[What the task requires]
From the data below, set down exactly the lines between the one holding "10 цен на Стул" and the one holding "Dekor: Polykromt floralt", inclusive, and no others.

[Given data]
Start of Block
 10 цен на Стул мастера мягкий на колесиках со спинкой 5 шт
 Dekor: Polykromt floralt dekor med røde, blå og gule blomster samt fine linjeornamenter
End of Block
Start of Block
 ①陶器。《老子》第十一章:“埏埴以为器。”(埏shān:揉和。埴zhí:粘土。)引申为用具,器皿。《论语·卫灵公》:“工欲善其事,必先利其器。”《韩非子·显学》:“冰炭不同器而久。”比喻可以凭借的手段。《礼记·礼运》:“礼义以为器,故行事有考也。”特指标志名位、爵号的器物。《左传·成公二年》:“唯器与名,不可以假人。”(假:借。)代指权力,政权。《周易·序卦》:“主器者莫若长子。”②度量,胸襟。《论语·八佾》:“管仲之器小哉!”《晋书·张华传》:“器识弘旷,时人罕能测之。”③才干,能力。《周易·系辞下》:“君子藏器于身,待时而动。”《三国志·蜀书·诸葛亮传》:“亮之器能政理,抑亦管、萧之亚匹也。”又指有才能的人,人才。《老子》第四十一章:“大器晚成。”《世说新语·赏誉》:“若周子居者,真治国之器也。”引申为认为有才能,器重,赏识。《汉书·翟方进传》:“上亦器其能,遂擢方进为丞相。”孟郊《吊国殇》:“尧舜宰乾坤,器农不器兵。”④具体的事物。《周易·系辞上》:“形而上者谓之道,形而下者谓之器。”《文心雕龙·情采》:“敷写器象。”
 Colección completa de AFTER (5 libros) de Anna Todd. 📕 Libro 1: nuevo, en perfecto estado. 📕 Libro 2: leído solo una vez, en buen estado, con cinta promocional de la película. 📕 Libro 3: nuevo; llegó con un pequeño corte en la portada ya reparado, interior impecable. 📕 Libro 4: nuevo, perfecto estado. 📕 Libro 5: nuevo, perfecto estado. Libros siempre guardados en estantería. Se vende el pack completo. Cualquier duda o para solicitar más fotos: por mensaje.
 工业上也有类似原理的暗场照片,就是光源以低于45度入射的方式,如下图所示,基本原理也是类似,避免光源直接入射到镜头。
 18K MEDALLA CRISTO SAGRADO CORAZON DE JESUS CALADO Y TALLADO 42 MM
End of Block
[Solved exercise]
 10 цен на Стул мастера мягкий на колесиках со спинкой 5 шт
 Dekor: Polykromt floralt dekor med røde, blå og gule blomster samt fine linjeornamenter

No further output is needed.